Hey all,
I am trying to implement Generative Pseudo-Labeling (GPL) in a Sentence Transformer model where I am making use of a Pinecone index in the negative mining step.
ApiException: (400)
Reason: Bad Request
HTTP response headers: HTTPHeaderDict({'content-type': 'application/json', 'date': 'Thu, 09 Mar 2023 19:25:15 GMT', 'x-envoy-upstream-service-time': '1', 'content-length': '110', 'server': 'envoy'})
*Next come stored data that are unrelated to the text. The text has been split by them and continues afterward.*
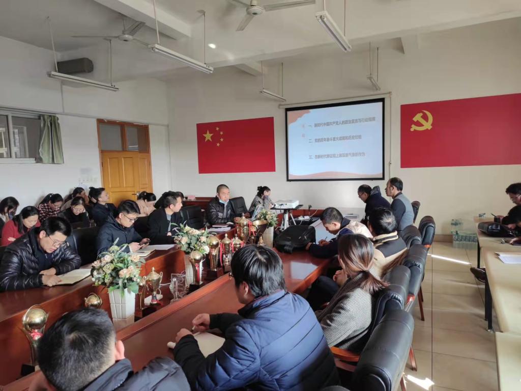 12月14日下午,机电工程系党总支书记朱根松在崇善楼8楼党员活动室为全体教职工上党课,宣讲党的十九届六中全会精神。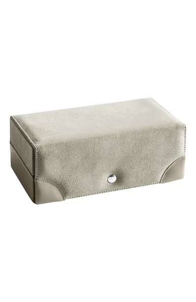 Серую шкатулку обтянули мягкой замшей, которую обработали так, чтобы она на ощупь напоминала кашемир. За счет тонкой выделки материал очень нежный, поэтому края дополнительно укрепили прочной кожей. Внутреннее отделение со множеством отсеков обили бархатистой тканью, чтобы вещи внутри не поцарапались.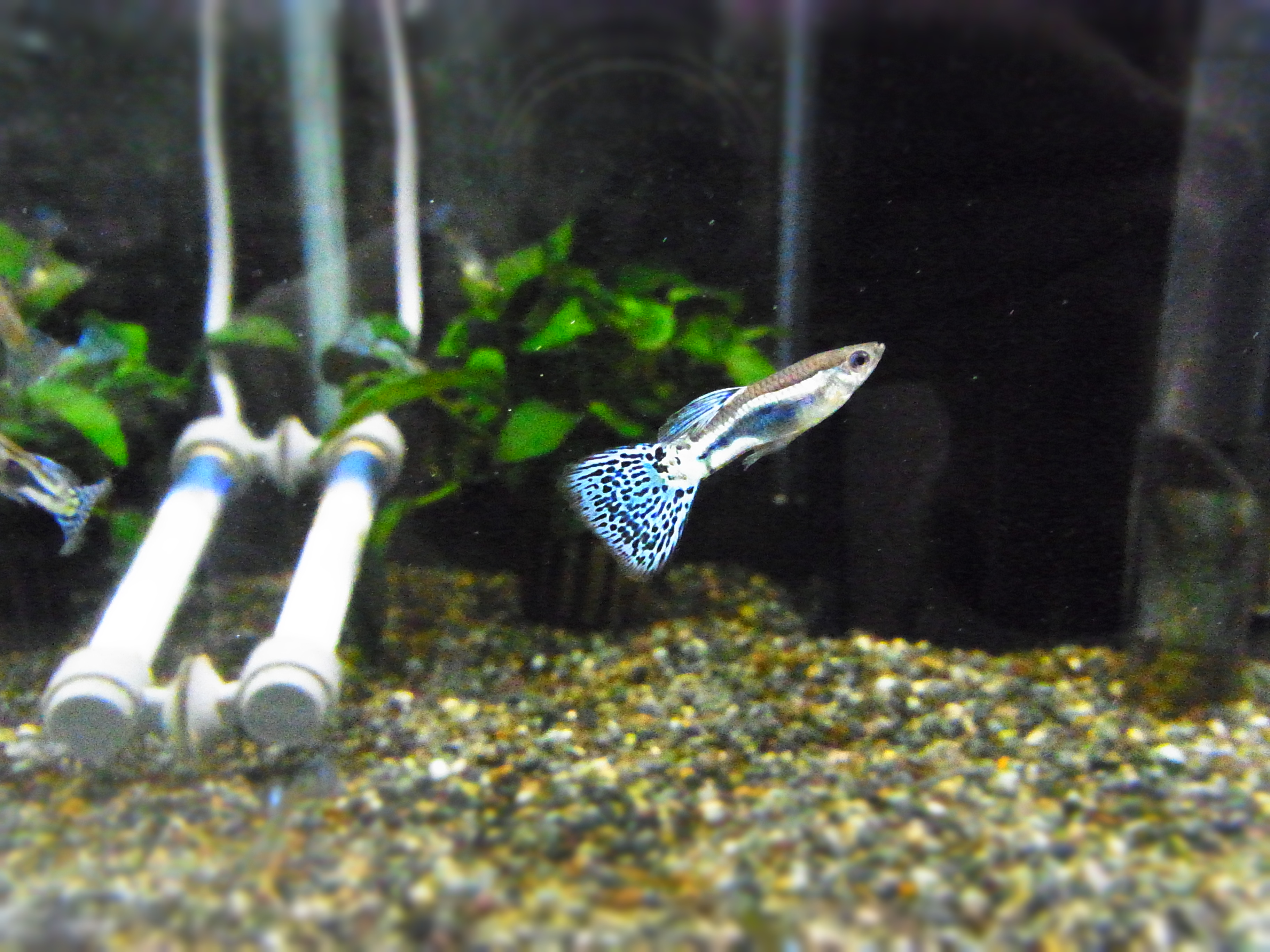 黒の斑模様が入った水色の尾鰭が特徴です。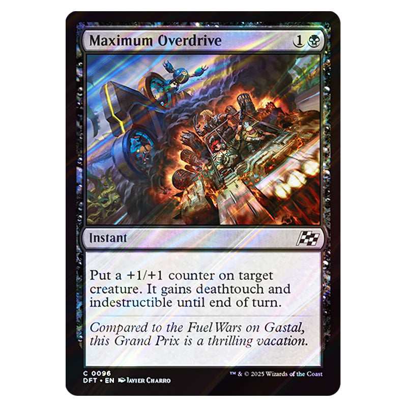 Maximum Overdrive is a Common, Instant card from the Magic The Gathering set Aetherdrift (MTGSC-DFT-0096)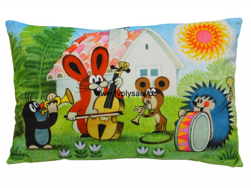A soft pillow with a motif of the popular Mole, suitable for the crib, for travel and as a decoration for the room. Microvelour material, printed image, hollow fiber filling. Yellow-green back. Washable.

HTTP response body: {"code":3,"message":"Query vector dimension 38400 does not match the dimension of the index 384","details":[]}
Is seems the part of the process that is generating the vector for the query is generating a vector with 38400 dimensions. It looks like you want it to be 384 instead. The maximum vector dimension for Pinecone is 20K (which is huge).
Hey There,
Any Solutions to this Problem? Run into the same issue. After some testing I´m quite sure that the problem is related to the index.query line not handling the list input in this line
res = index.query(query_embs.tolist(), top_k=10)
(it seems to put all the entries in the list together to one large vector, therefore the vector size is 100 times as big as the original one because the list has 100 vectors of the original size). I found that this workaround theoretically works in the gpl code, but is super slow and not working in the colab version (i guess cause of querying one by one, but not sure):
res = []
for vector in query_embs_list:
result = index.query(vector, top_k=10)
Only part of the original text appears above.